Copy the records below exactly, starting at the line that contains "Add non-plant objects" and ending at the line that contains "Magnificent Seven ETF(MAGS)仍达到新高。"; leave out any pictures.

[Records from a data source]
────
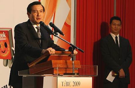 馬英九為臺北國際書展開幕,鼓勵大家多買書。
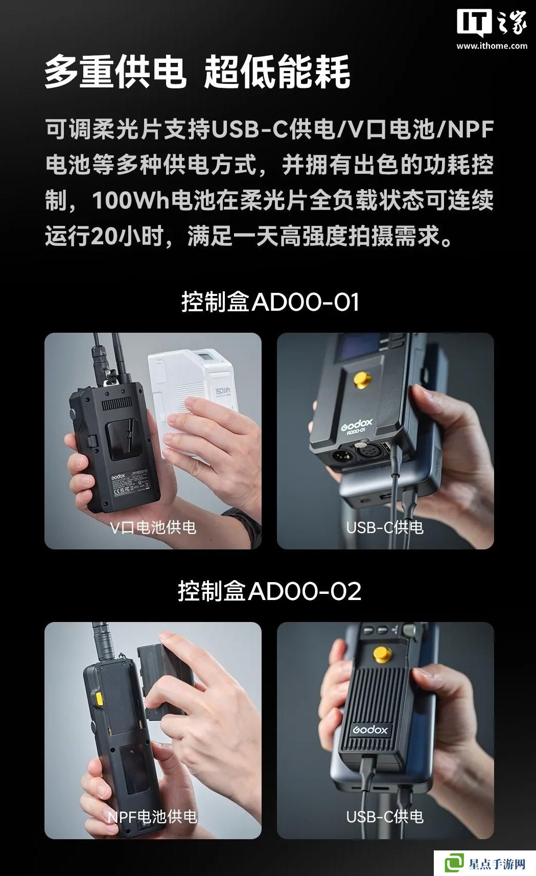 在供電方面,該系列可調柔光片擁有 USB-C 供電、V 口電池和 NPF 電池等多種供電方式,根據(jù)官方介紹,使用 100Wh 的電池在柔光片全負載狀態(tài)下可連續(xù)運行 20 小時,可滿足一天的高強度拍攝需求。
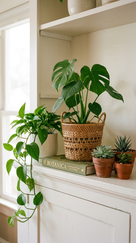 Add non-plant objects sparingly — a single stack of beautiful books, a small sculpture, or a decorative candle holder gives the eye a rest between plant groupings and prevents the display from feeling overwhelming.
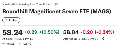 特斯拉、谷歌、亚马逊和苹果都在周一创下历史新高。即使在周二,三大股指普遍下跌的情况下,跟踪这七家公司的Roundhillll。 Magnificent Seven ETF(MAGS)仍达到新高。
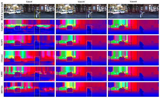 In general, good depth completion architecture should have the ability to be suitable for different-level sparsity measurements. To validate the robustness of HFF-Net at different-level sparse depth representations, we first trained HFF-Net on the 64-line LiDAR depth maps of the KITTI DC training set, and then tested its performance on the validation set across various sparsity levels that were obtained by referring to Zhao et al. [72]. For a fair comparison, all the comparison methods were retrained with the same parameter settings, including the optimizer, training epochs, and learning rate. Table 6 and Figure 9 provide the quantitative and qualitative comparison results.
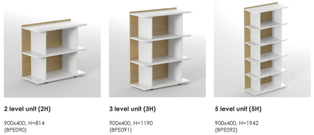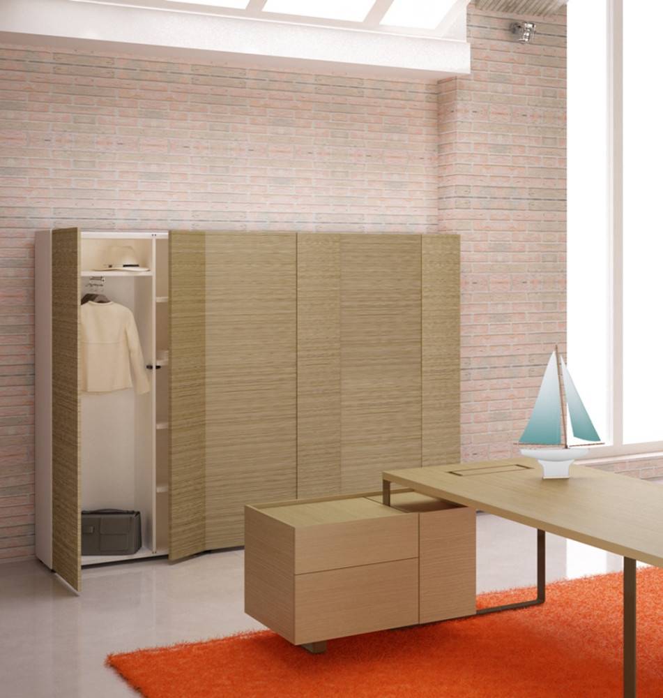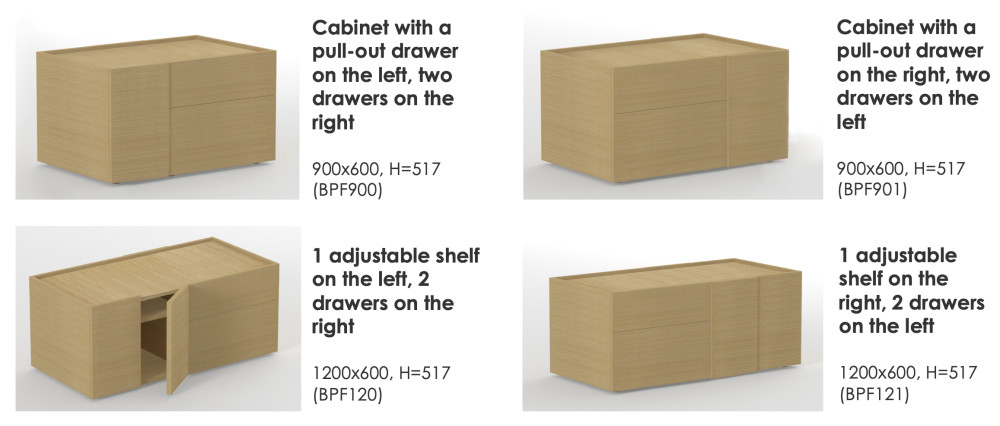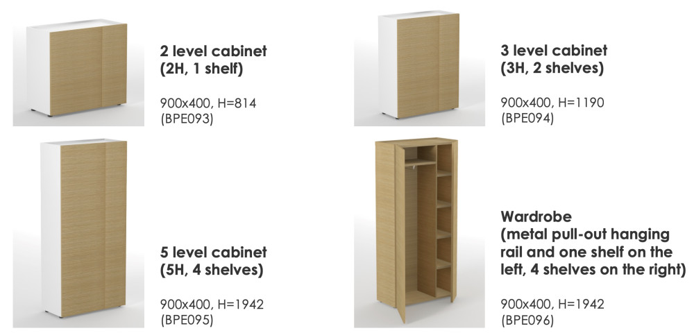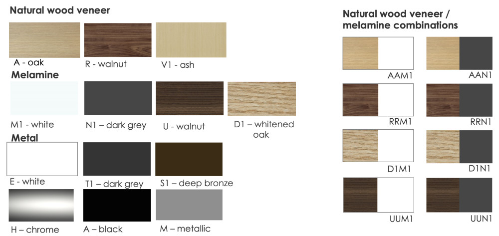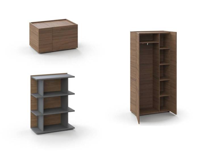 Sarja sisältää monenlaisia säilytysratkaisuja, kuten kaappeja vetolaatikoilla tai aukeavilla ovilla, avohyllyjä sekä vaatekaapin. Ylin vetolaatikko on verhoiltu sisäpuolelta aidolla nahalla.
────
[YOUR RESPONSE]
 Add non-plant objects sparingly — a single stack of beautiful books, a small sculpture, or a decorative candle holder gives the eye a rest between plant groupings and prevents the display from feeling overwhelming.
 特斯拉、谷歌、亚马逊和苹果都在周一创下历史新高。即使在周二,三大股指普遍下跌的情况下,跟踪这七家公司的Roundhillll。 Magnificent Seven ETF(MAGS)仍达到新高。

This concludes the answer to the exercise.